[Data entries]

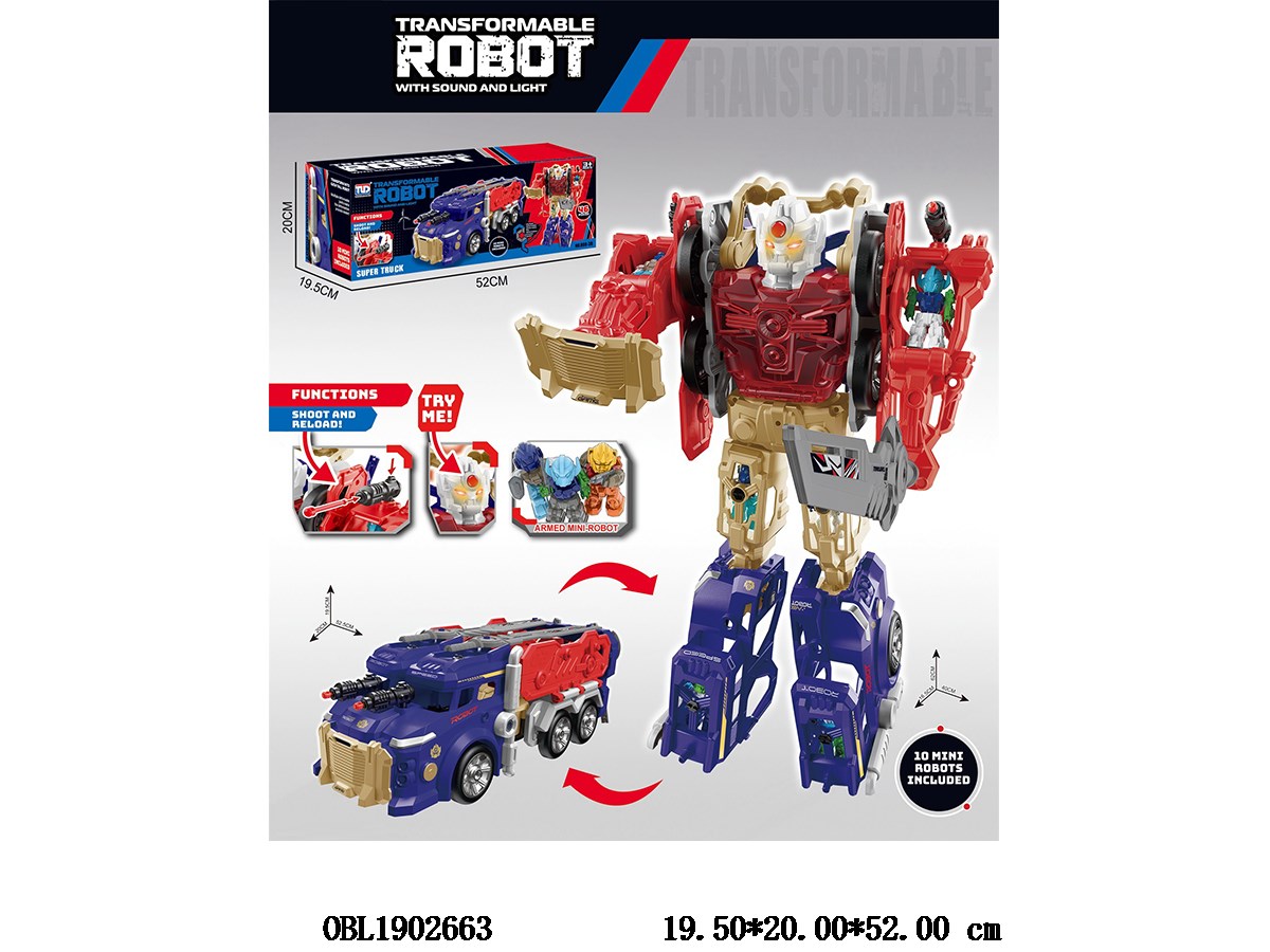 Transformed truck with lights, sound, and 10 small robots 2 * AG13, including electricity
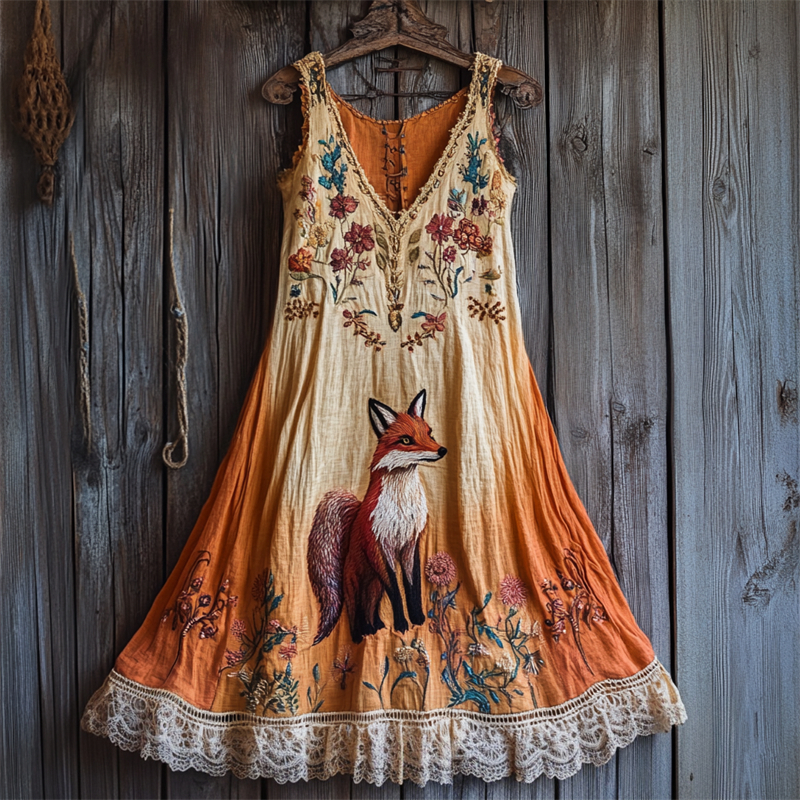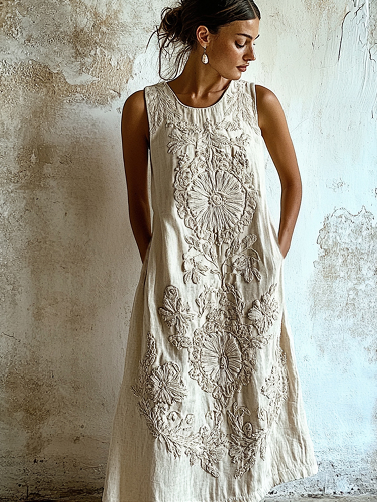 Spring Girl Green Pastoral Style Retro Bohemian Resort Art Floral Embroidery Pattern Linen Tank Dress
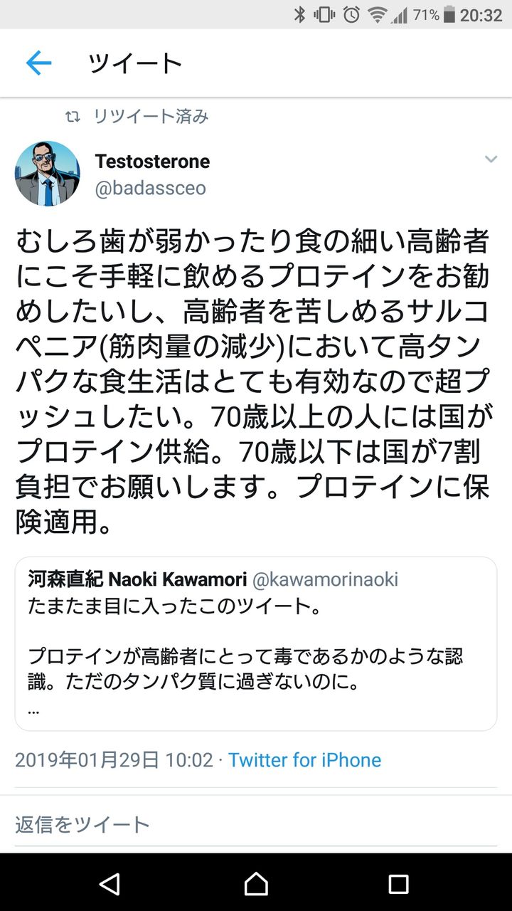 プロテインとか肉とか目の仇にしてる奴居るけど何処で刷り込まれたんだかもみあげる名無し at 2019年01月30日 12:06 ID:JSyThJTY0 -
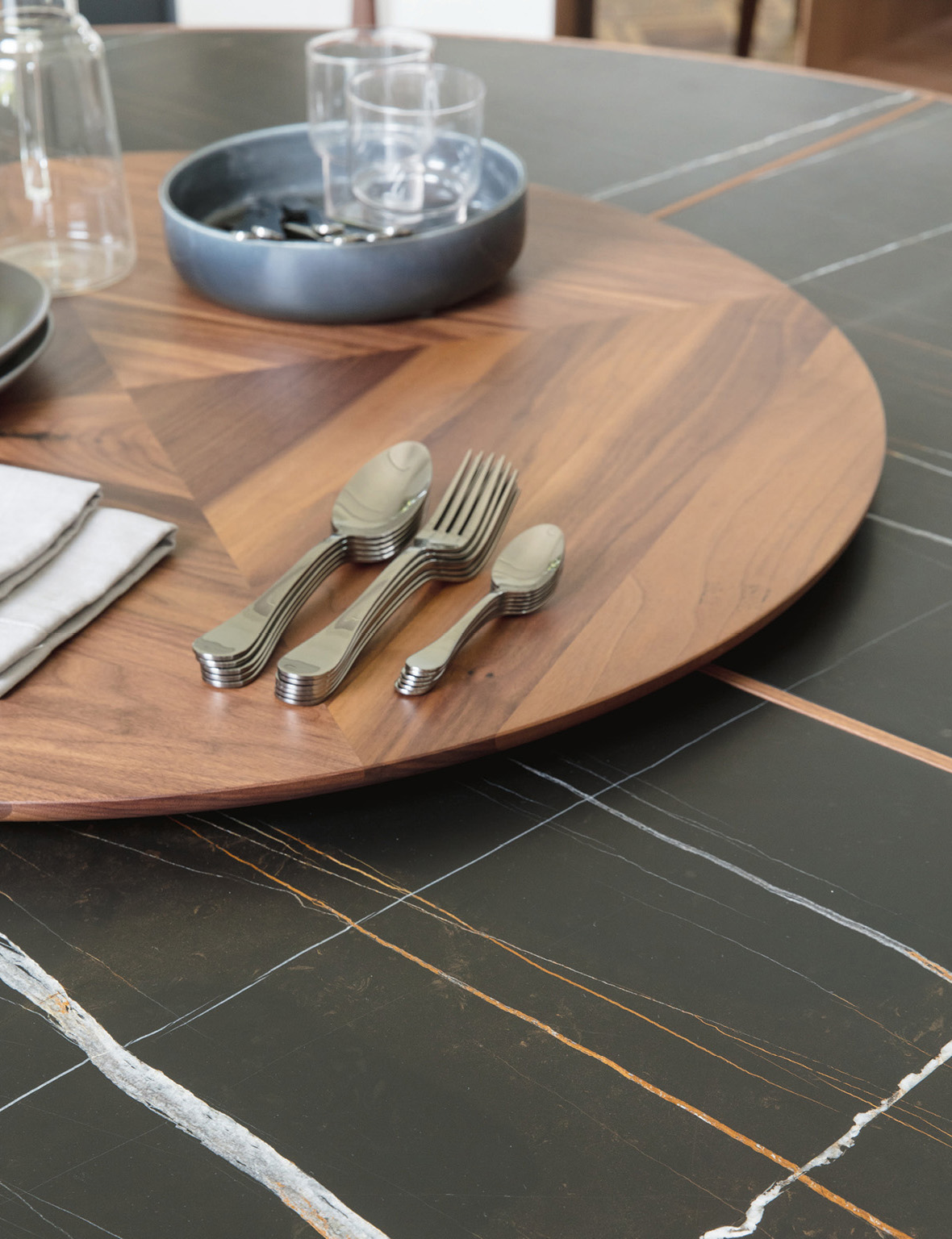 Обеденные столы Thayl воплощают в себе роскошь и утонченность, создавая атмосферу изысканности и комфорта. Их конструкция основана на сочетании массивного дерева и натурального мрамора, что не только придает изделиям элегантный внешний вид, но и обеспечивает их долговечность и устойчивость.
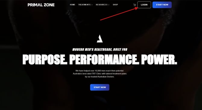 Go to https://primalzone.com and click “Login” in the top right corner of the screen.
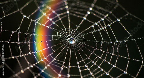 © Lahiru, Fototapeta premium Raindrops on Spiderweb with Rainbow Reflections
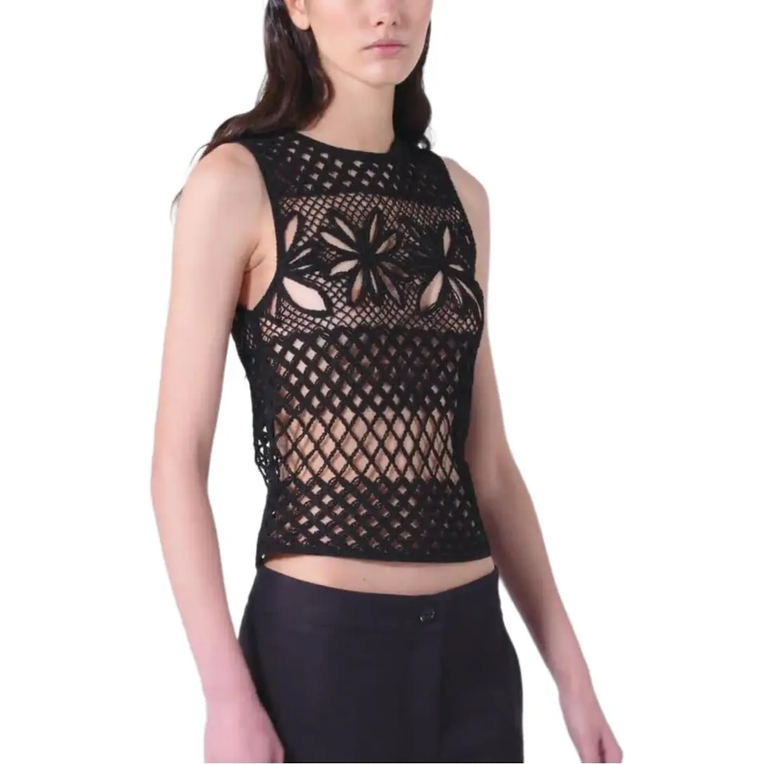 Crewneck Crochet Knit Vest PINKO, черный 23 968₽
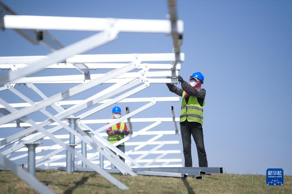 6月8日,在青海省海南藏族自治州共和縣,工人在黃河上游水電開(kāi)發(fā)有限責任公司海南基地共和縣100萬(wàn)千瓦光伏項目施工。
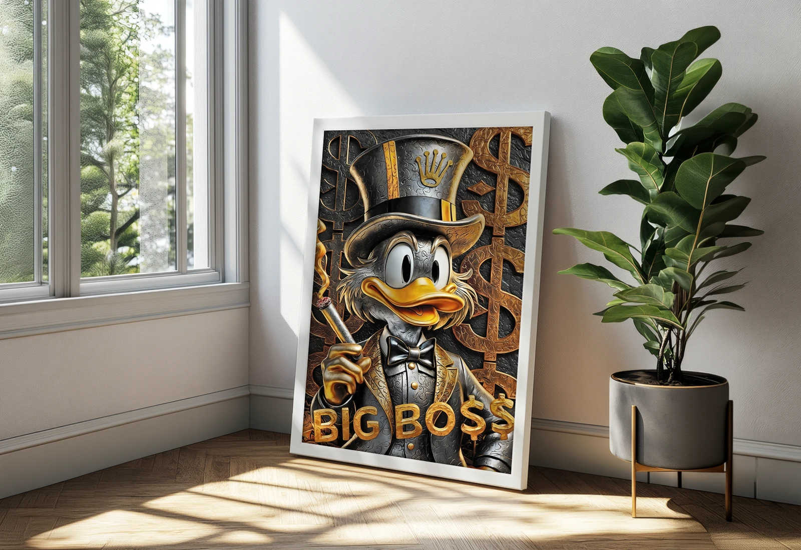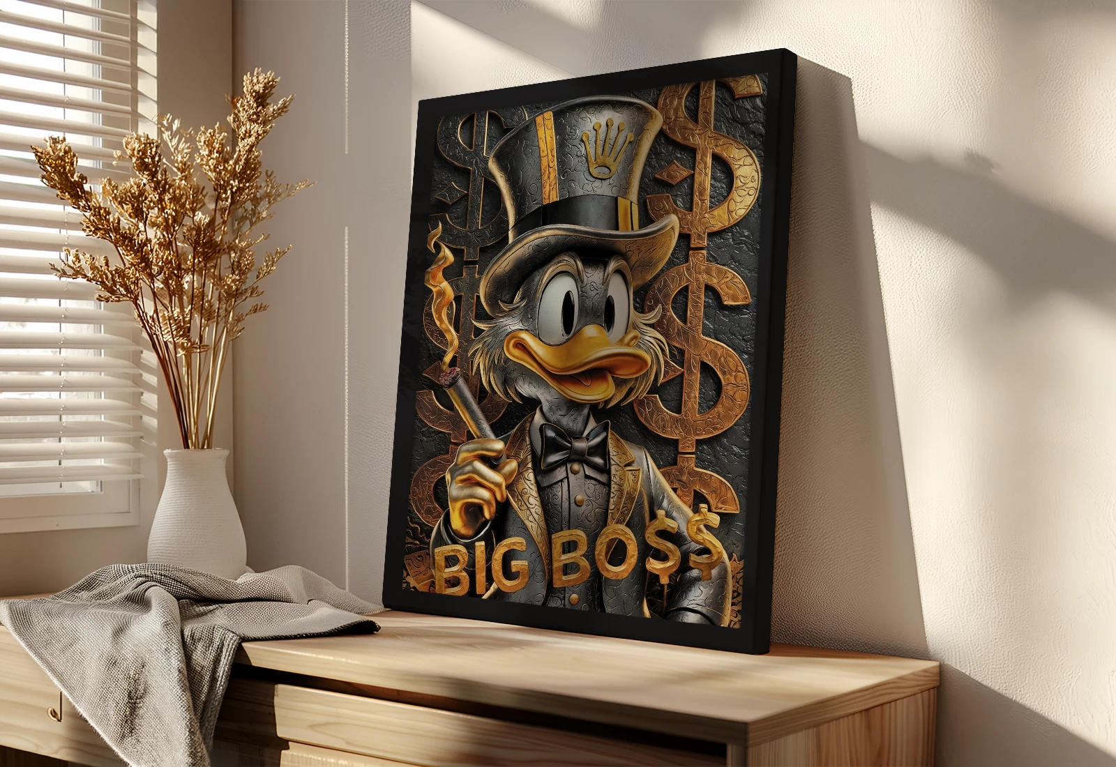 ✅ Картина на холсте с Дональдом Big Boss и золотыми элементами. ✓ Чёткие детали и выразительный персонаж. 🚚 Доставка по Кишинёву и Молдове. ⭐ Art-Design.md
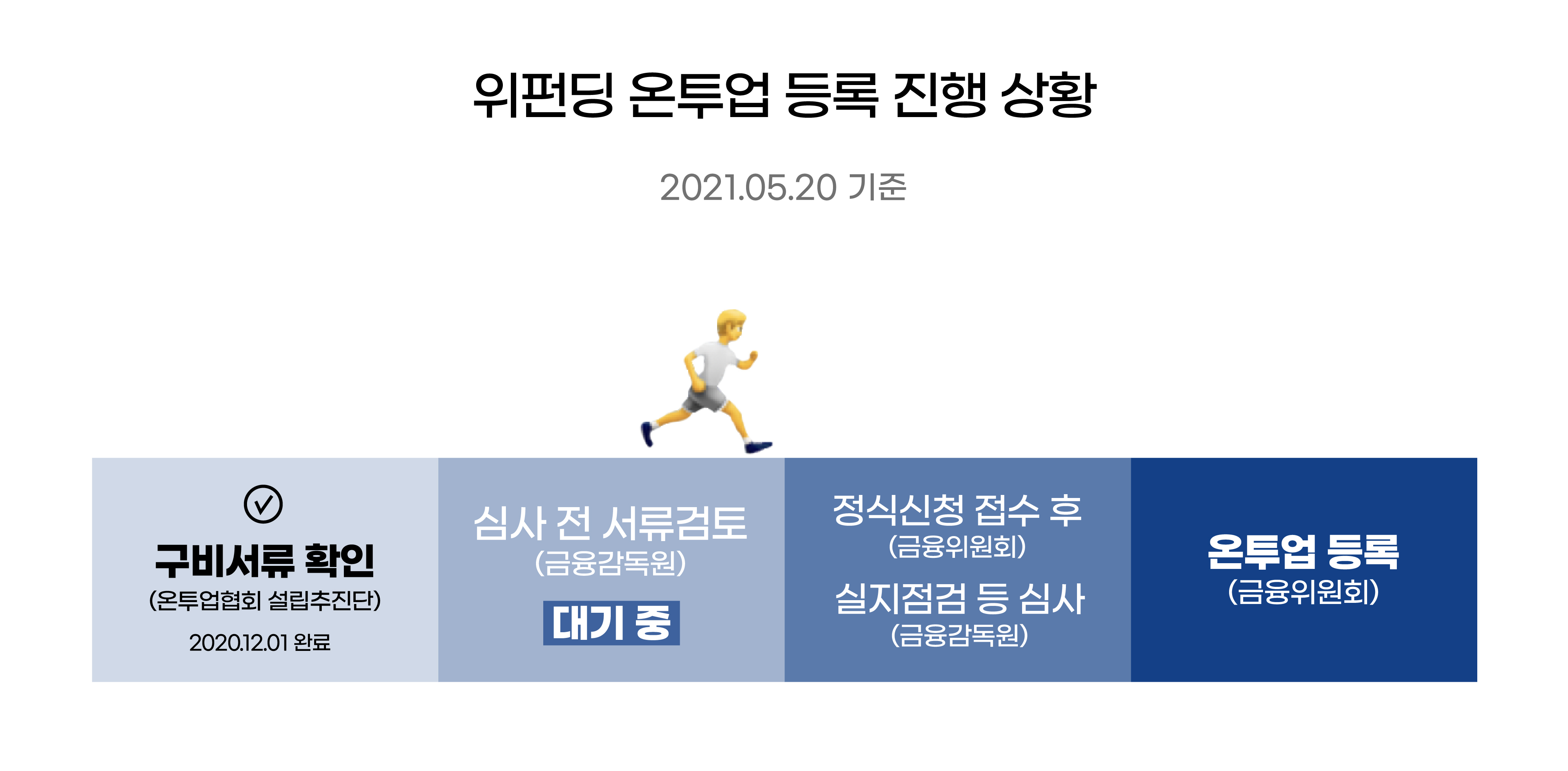 현재 온투업 등록을 위해서는 아래의 4단계를 거쳐야 하며, 저희 위펀딩은 현재 2단계 접수 대기중입니다.

## [Exercise directions]
Here the job is to copy the stretch of records from the line containing "プロテインとか肉とか目の仇にしてる奴居るけど何処で刷り込まれたんだかもみあげる名無し at 2019年01月30日" through the line containing "6月8日,在青海省海南藏族自", word for word. Leave every picture out.

## [Solution for this exercise]
 プロテインとか肉とか目の仇にしてる奴居るけど何処で刷り込まれたんだかもみあげる名無し at 2019年01月30日 12:06 ID:JSyThJTY0 -
 Обеденные столы Thayl воплощают в себе роскошь и утонченность, создавая атмосферу изысканности и комфорта. Их конструкция основана на сочетании массивного дерева и натурального мрамора, что не только придает изделиям элегантный внешний вид, но и обеспечивает их долговечность и устойчивость.
 Go to https://primalzone.com and click “Login” in the top right corner of the screen.
 © Lahiru, Fototapeta premium Raindrops on Spiderweb with Rainbow Reflections
 Crewneck Crochet Knit Vest PINKO, черный 23 968₽
 6月8日,在青海省海南藏族自治州共和縣,工人在黃河上游水電開(kāi)發(fā)有限責任公司海南基地共和縣100萬(wàn)千瓦光伏項目施工。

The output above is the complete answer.